O cardeal recusou-se a recebê-los. Mandou o secretário da arquidiocese para parlamentar com os jovens. O sol forte já havia feito algum estrago nos traseiros, desacostumados ao ar livre. Estavam todos avermelhados, o que chocava bastante um grupo de turistas alemãs em visita à Catedral Metropolitana da Cidade do México. Parece que eram monjas de um mosteiro fundado na Idade Média, apurou um repórter. O secretário explicou que o cardeal não tinha nada com isto, isto era assunto do poder público.

Os jovens voltaram um pouco desanimados, e os homens da manifestação já estavam ficando inquietos, um havia sussurrado para um circunstante se havia banheiro público ali perto. Responderam que no Museu tinha um. O jeito, então, era voltarem-se para a polícia mesmo. Ou para o exército. Alguém haveria de acabar com aquele inusitado atentado ao pudor e a paz do Zócalo. Resolveram apelar para o bom senso dos homens despidos. Os jovens são sempre otimistas. A jovem sugeriu retomarem as negociações. A multidão no Zócalo, já meia cansada, começou a debandar. Apenas um grupo de turistas americanas permanecia firme, todas elas de óculos escuros, copo de refrigerante com canudinho em uma das mãos, e um taco na outra, observando bem aquelas nádegas avermelhadas e trocando observações entre si. Houve até um poll para elegerem a melhor bunda.

Os jovens da ONG auxiliados por outros jovens aproximaram-se dos homens e perguntaram, para dar partida a uma nova rodada de negociações. O aluno da Universidade do México já chamava aquilo de Cúpula do Zócalo. Perguntaram onde queriam os homens terras para plantar. O velho respondeu de pronto: "Chapultepec."

Estão loucos?” Responderam os jovens. "O parque é um patrimônio da Cidade do México, com não sei quantas mil visitas por dia, e além disso está muito próximo de Polanco, um bairro chique. Tem o Museo Nacional de Antropologia. Vão querer plantar nele também? Escolham outro local."

Então”, respondeu o velho, não sem antes conferenciar com o menos velho, “queremos terras em Coyoacán, porque foi lá que Hernán Cortés se fixou antes de tomar a Cidade do México.”

"Loucos!" Responderam os jovens em uníssono.

"Vão querer plantar na Casa de Frida Kahlo também? Ou no Museu do Trotsky? Escolham outro lugar, alguma coisa razoável, para começarmos alguma negociação com o governo."

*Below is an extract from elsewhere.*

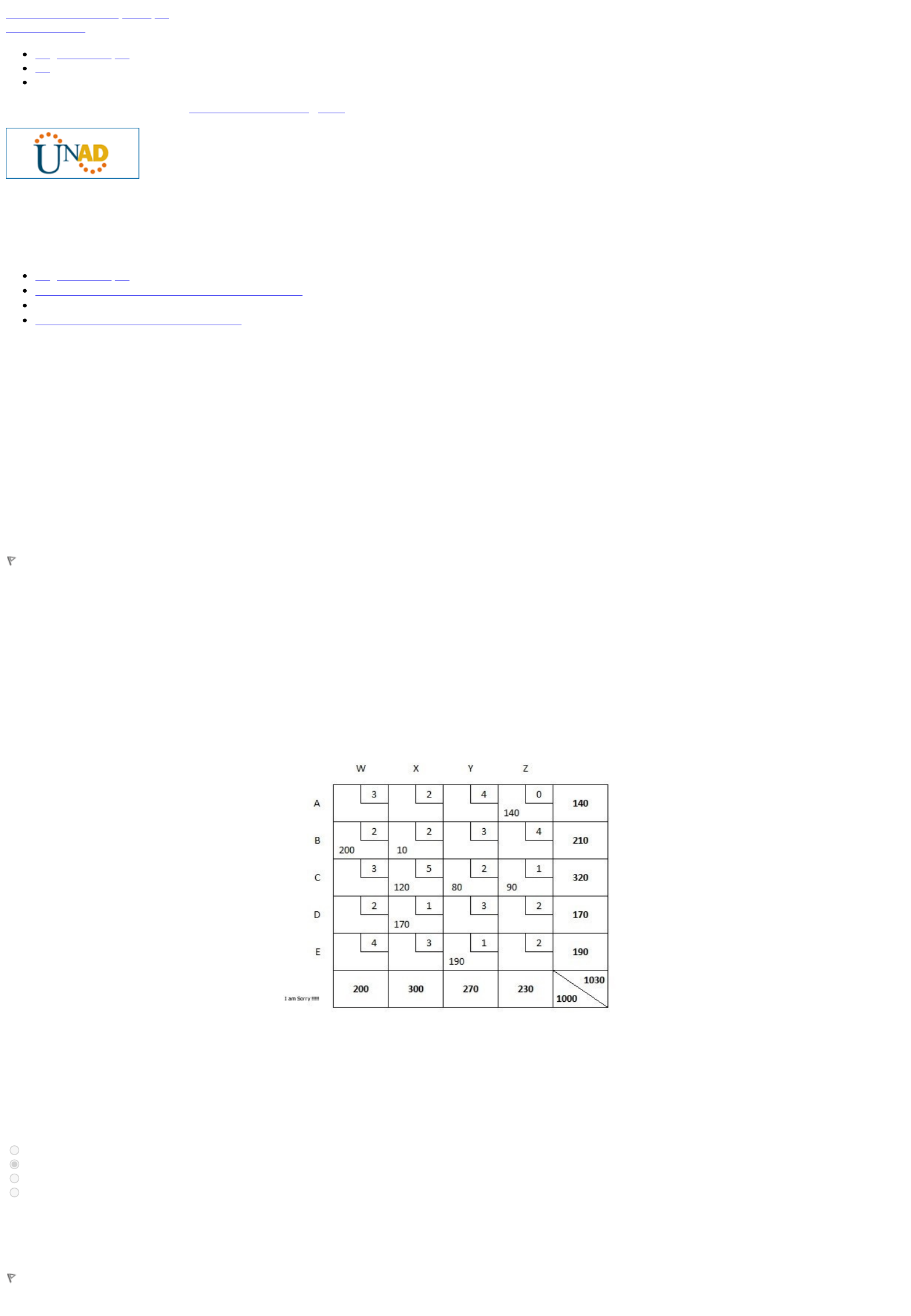 Saltar a contenido principal Show Header Página Principal en es Usted se ha identificado como LINA JOHANA NOVA (Salir) METODOS DETERMINISTICOS 102016A_471 Ruta a la página Página Principal / ► METODOS DETERMINISTICOS 102016A_471 / ► Entorno de evaluación y seguimiento / ► Fase 3 - Evaluación de la Unidad 1 Comenzado el jueves, 22 de marzo de 2018, 17:31 Estado Finalizado Finalizado en jueves, 22 de marzo de 2018, 18:19 Tiempo empleado 48 minutos 31 segundos Puntos 7,0/8,0 Calificación 43,8 de 50,0 (88%) Comentario - Excelente. Has obtenido un muy buen resultado. Pregunta 1 Finalizado Puntúa 1,0 sobre 1,0 Marcar pregunta Enunciado de la pregunta Selección Múltiple con Múltiple Respuesta Este tipo de preguntas consta de un enunciado, problema o contexto a partir del cual se plantean cuatro opciones numeradas de 1 a 4, usted deberá seleccionar la combinación de dos opciones que responda adecuadamente a la pregunta. Enunciado: De acuerdo a la información que se presenta en la siguiente tabla donde se soluciona un problema de transportes por el método de los Costos Mínimos, puede afirmarse, que: 1. El envio más económico resultan desde la ciudad E. 2. Desde C no se debe hacer ninguna clase de envíos según el método de los Costos Minimos. 3. El envio desde A hasta Z es $0, a pesar que tiene asignación de 140 unidades. 4.Los despachos desde C hacia X,Y y Z cuestan $850. Seleccione una: a. 1 y 2 son correctas. b. 3 y 4 son correctas. c. 2 y 4 son correctas. d. 1 y 3 son correctas. Pregunta 2 Finalizado Puntúa 1,0 sobre 1,0 Marcar pregunta http://campus08.unad.edu.co/ecbti35/mod/quiz/review.php?attempt=15775#maincontent javascript:showHeader(); http://campus08.unad.edu.co/ecbti35/ http://campus08.unad.edu.co/ecbti35/?lang=en http://campus08.unad.edu.co/ecbti35/user/profile.php?id=552345 http://campus08.unad.edu.co/ecbti35/login/logout.php?sesskey=e81HTxqcOY http://campus08.unad.edu.co/ecbti35/?redirect=0 http://campus08.unad.edu.co/ecbti35/ http://campus08.unad.edu.co/ecbti35/course/view.php?id=28 http://campus08.unad.edu.co/ecbti35/mod/quiz/view.php?id=1909 Enunciado de la pregunta Selección Múltiple con Múltiple Respuesta Este tipo de preguntas consta de un enunciado, problema o contexto a partir del cual se plantean cuatro opciones numeradas de 1 a 4, usted deberá seleccionar la combinación de dos opciones que responda adecuadamente a la pregunta. Enunciado: En la siguiente matriz se expresan los costos de envio por unidad de ciertas piezas automotrices (repuestos para motor), las ofertas y demandas de ciertos origenes hacia sus destinos. Según el método de transportes de la Esquina Noroeste, es correcto afirmar, que: 1. El costo total del envio desde todos los origenes hacia sus destinos asignados es $1480 2. La ruta asignada de envio desde todos los origenes hacia sus destinos son: (A,W), (A,X), (B,X), (B,Y), (C,Y), (C,Z) y (D,Z) 3. La matriz de ofertas y demandas no está balanceada. 4. La ruta (C,Z) correspondiente al menor costo del problema queda sin asignación después del algoritmo de la ENO. Seleccione una: a. 2 y 4 son correctas. b. 1 y 3 son correctas. c. 1 y 2 son correctas. d. 3 y 4 son correctas. Pregunta 3 Finalizado Puntúa 1,0 sobre 1,0 Marcar pregunta Enunciado de la pregunta Selección Múltiple con Única Respuesta: A continuación, usted encontrará preguntas que se desarrollan en torno a un enunciado, problema o contexto, frente al cual, usted debe seleccionar aquella opción que responda correctamente al ítem planteado entre cuatro identificadas con las letras A, B, C, D. Una vez la seleccione, márquela en su hoja de respuestas rellenando el óvalo correspondiente. Se requiere distribuir la producción de tres plantas en toneladas de granos hacia tres distribuidores con demandas diferentes, según la tabla siguiente donde se muestran los costos de envío desde los destinos hacia las fuentes, por el método de los Costos Minimos defina la ruta de asignación: Seleccione una: a. Planta 1 hacia Destino 1; Planta 1 hacia Destino 2; Planta 2 hacia Destino 3; Planta 3 hacia Destino 1 y Planta 3 hacia Destino 2. b. Planta 1 hacia Destino 1; Planta 1 hacia Destino 3; Planta 2 hacia Destino 3; Planta 3 hacia Destino 1 y Planta 3 hacia Destino 3. c. Planta 1 hacia Destino 2; Planta 1 hacia Destino 3; Planta 2 hacia Destino 3; Planta 3 hacia Destino 1 y Planta 3 hacia Destino 3. d. Planta 1 hacia Destino 1; Planta 1 hacia Destino 3; Planta 2 hacia Destino 3; Planta 3 hacia Destino 1 y Planta 3 hacia Destino 2. Pregunta 4 Finalizado Puntúa 1,0 sobre 1,0 Marcar pregunta Enunciado de la pregunta Selección Múltiple con Única Respuesta: A continuación, usted encontrará preguntas que se desarrollan en torno a un enunciado, problema o contexto, frente al cual, usted debe seleccionar aquella opción que responda correctamente al ítem planteado entre cuatro identificadas con las letras A, B, C, D. Una vez la seleccione, márquela en su hoja de respuestas rellenando el óvalo correspondiente. Click Aqui para observar el video de apoyo Una empresa dedicada a la fabricación de productos a base de pulpa de fruta, desea en la investigación de sus modelos de transporte de mercancías determinar por el método Esquina Noroeste la distribución de su última producción desde los almacenes 1, 2, 3 y 4 a las ciudades Cali, Armenia, https://youtu.be/uvR0w3fhi1g Pereira y Tunja. Los datos de Oferta, demanda y costos se presentan en la tabla: El costo de envío desde los Almacenes hacia la ciudad de Tunja (Costo = Cantidad enviada desde los Almacenes * Valor del envío por unidad desde los Almacenes hacia Tunja), es: Seleccione una: a. $7.900 b. $8.360 c. $8.450 d. $8.200 Pregunta 5 Finalizado Puntúa 0,0 sobre 1,0 Marcar pregunta Enunciado de la pregunta Selección Múltiple con Única Respuesta: A continuación, usted encontrará preguntas que se desarrollan en torno a un enunciado, problema o contexto, frente al cual, usted debe seleccionar aquella opci
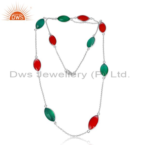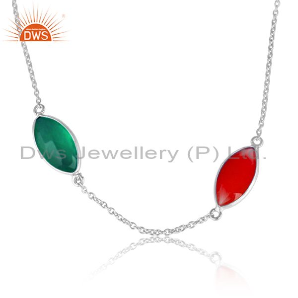 Green And Red Onyx Gemstone 925 Sterling Fine Silver Necklace

Então”, respondeu novamente o velho, não sem antes conferenciar com quatro ou cinco bundas adjacentes, “queremos terras em Teotihuacán.”

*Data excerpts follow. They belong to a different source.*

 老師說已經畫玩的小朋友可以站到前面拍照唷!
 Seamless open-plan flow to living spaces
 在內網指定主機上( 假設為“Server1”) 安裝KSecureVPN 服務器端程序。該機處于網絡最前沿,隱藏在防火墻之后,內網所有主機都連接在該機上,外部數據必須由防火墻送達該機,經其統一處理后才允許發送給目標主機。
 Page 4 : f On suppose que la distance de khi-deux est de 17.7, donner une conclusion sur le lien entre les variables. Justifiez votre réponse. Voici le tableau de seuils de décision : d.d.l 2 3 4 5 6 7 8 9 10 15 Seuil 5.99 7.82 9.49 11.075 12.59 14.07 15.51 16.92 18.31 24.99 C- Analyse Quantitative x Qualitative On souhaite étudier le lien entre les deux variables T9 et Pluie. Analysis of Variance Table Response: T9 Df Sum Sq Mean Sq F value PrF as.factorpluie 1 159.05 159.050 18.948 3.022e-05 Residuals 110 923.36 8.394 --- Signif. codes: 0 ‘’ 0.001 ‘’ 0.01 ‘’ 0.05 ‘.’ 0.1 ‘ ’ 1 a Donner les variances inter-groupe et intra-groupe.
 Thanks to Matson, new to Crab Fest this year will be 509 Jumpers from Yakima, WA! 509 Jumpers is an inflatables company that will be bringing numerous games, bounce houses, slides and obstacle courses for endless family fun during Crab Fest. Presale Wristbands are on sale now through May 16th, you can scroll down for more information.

"Dios", responderam os jovens na mesma hora, "vocês enlouqueceram de vez. Lá está um dos mais importantes sítios arqueológicos do México, com as pirâmides do Sol e da Lua. Vão querer acabar com o turismo também? Lá não tem como plantar nada."

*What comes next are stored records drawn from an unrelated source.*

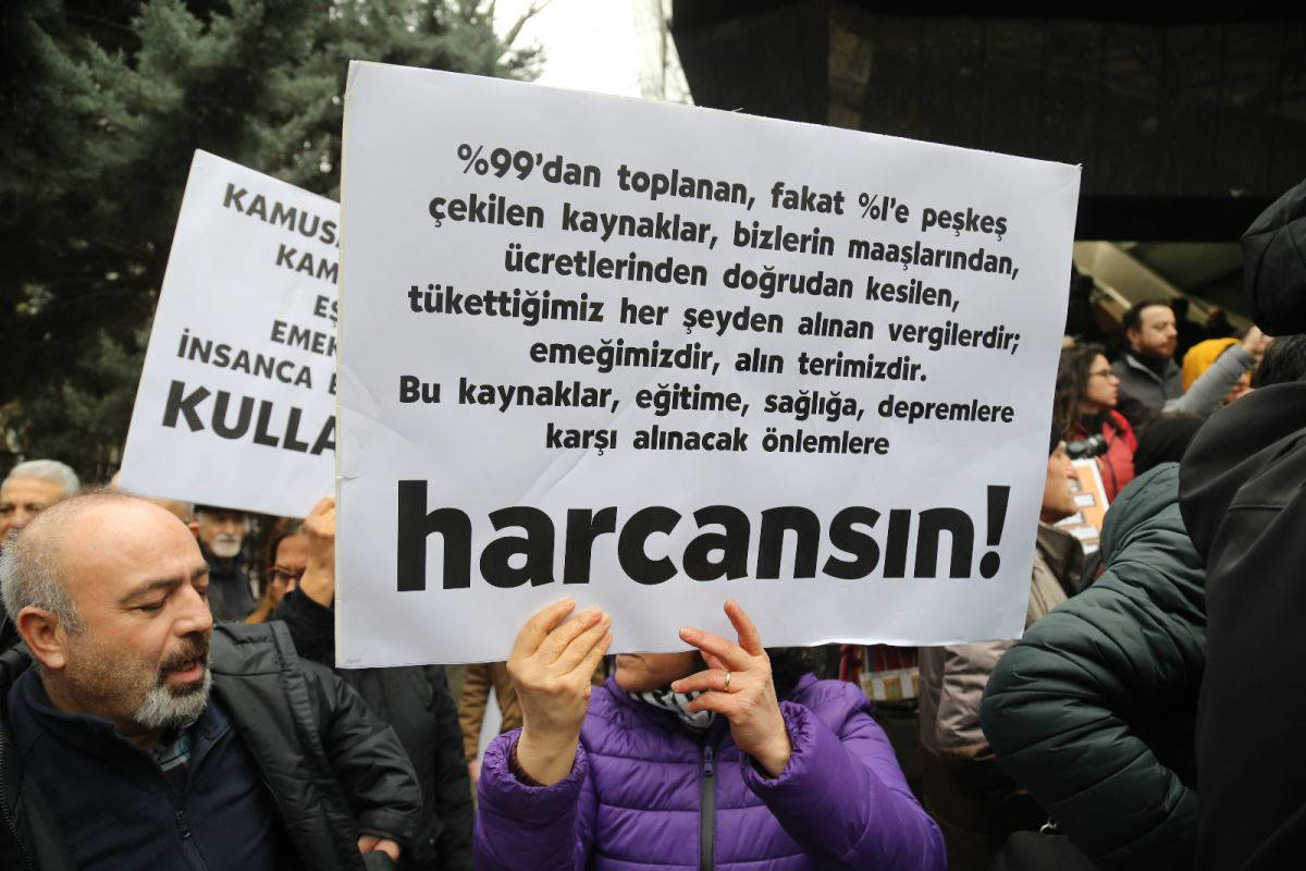 Polisin müdahalesi, vergilerin akıbetini sormak için toplanan yurttaşların tepkisini çekerken, "Kan, zulüm, yoksulluk işte AKP, tecavüzcü Ensar kapatılsın" diye sloganlar atıldı.
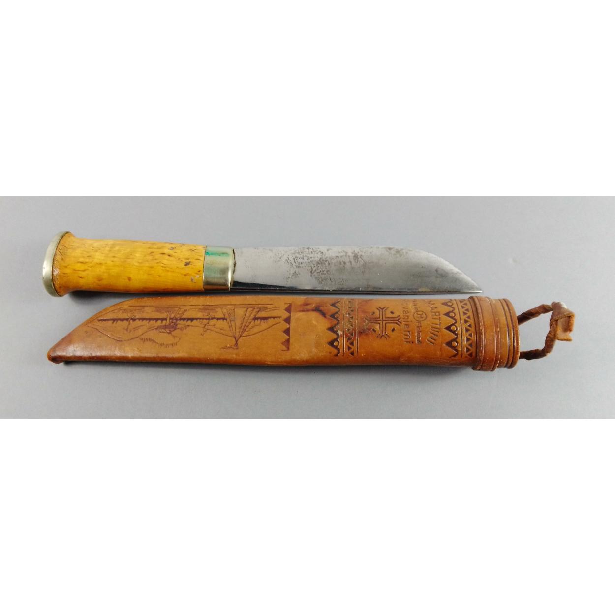 A hunting knife in sheath by MARTTIINI of Finland in decorated leather sheath, total length 26cm including handle
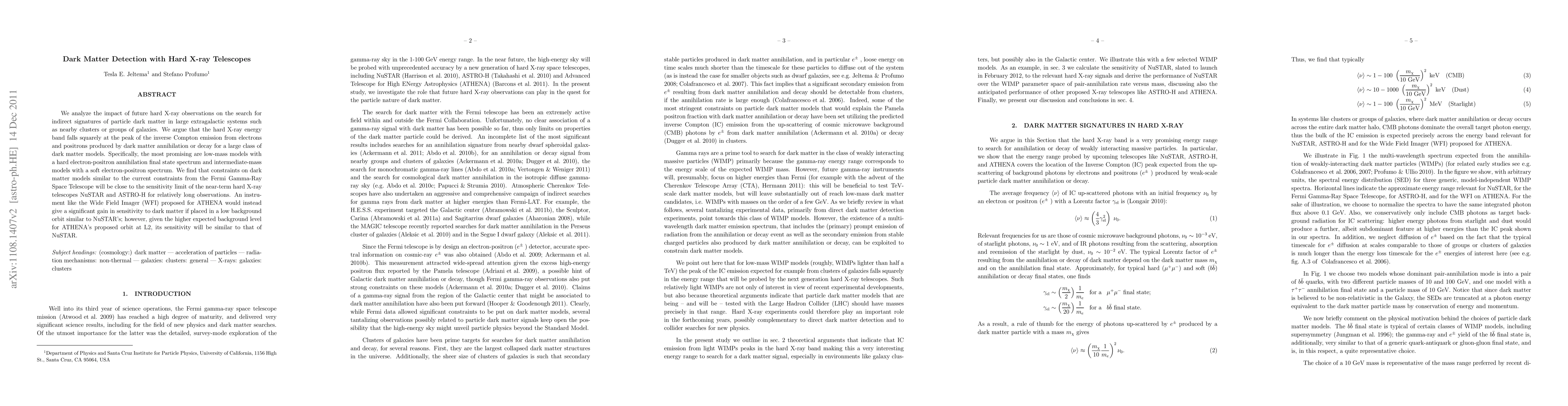 This paper explores how future hard X-ray telescopes can detect indirect signatures of particle dark matter, particularly focusing on low-mass and intermediate-mass models. It concludes that while NuSTAR and ASTRO-H will reach near-current Fermi Gamma-Ray limits, the proposed Wide Field Imager for ATHENA could significantly enhance sensitivity if deployed in a low background orbit.
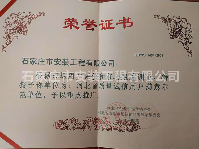 河北省質(zhì)量誠信用戶滿意示范單位
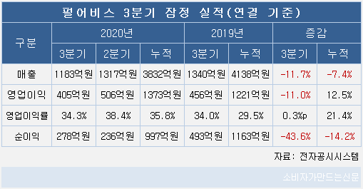 3분기 누적으로 보면 매출은 3832억 원, 영업이익은 1373억 원, 순이익은 997억 원을 기록했다. 전년동기 대비로 영업이익은 12.5% 늘었고 매출과 순이익은 각 7.4% 14.2% 줄었다.

A esta hora, sol se pondo, o Zócalo foi se esvaziando, cada um procurando um ponto de descanso ou de retorno para casa. Só os homens, extenuados, permaneciam firmes em sua manifestação. Nem a polícia estava preocupada, nem as turistas americanas que já haviam debandado há muito tempo, nem os Mariachis, nem o cardeal, só os jovens, estes eternos idealistas e lutadores pela justiça, procuravam uma saída honrosa para os homens. Conferenciaram entre eles por uns dez minutos e encontraram uma solução boa para os dois lados, digamos assim.

Propuseram que os homens encontrassem terras para plantar no Texas ou na Califórnia. Os jovens arranjariam um meio de atravessarem a fronteira.

Lá também é terra de ustedes”, disseram. Os homens aceitaram, talvez mais por cansaço do que por loucura.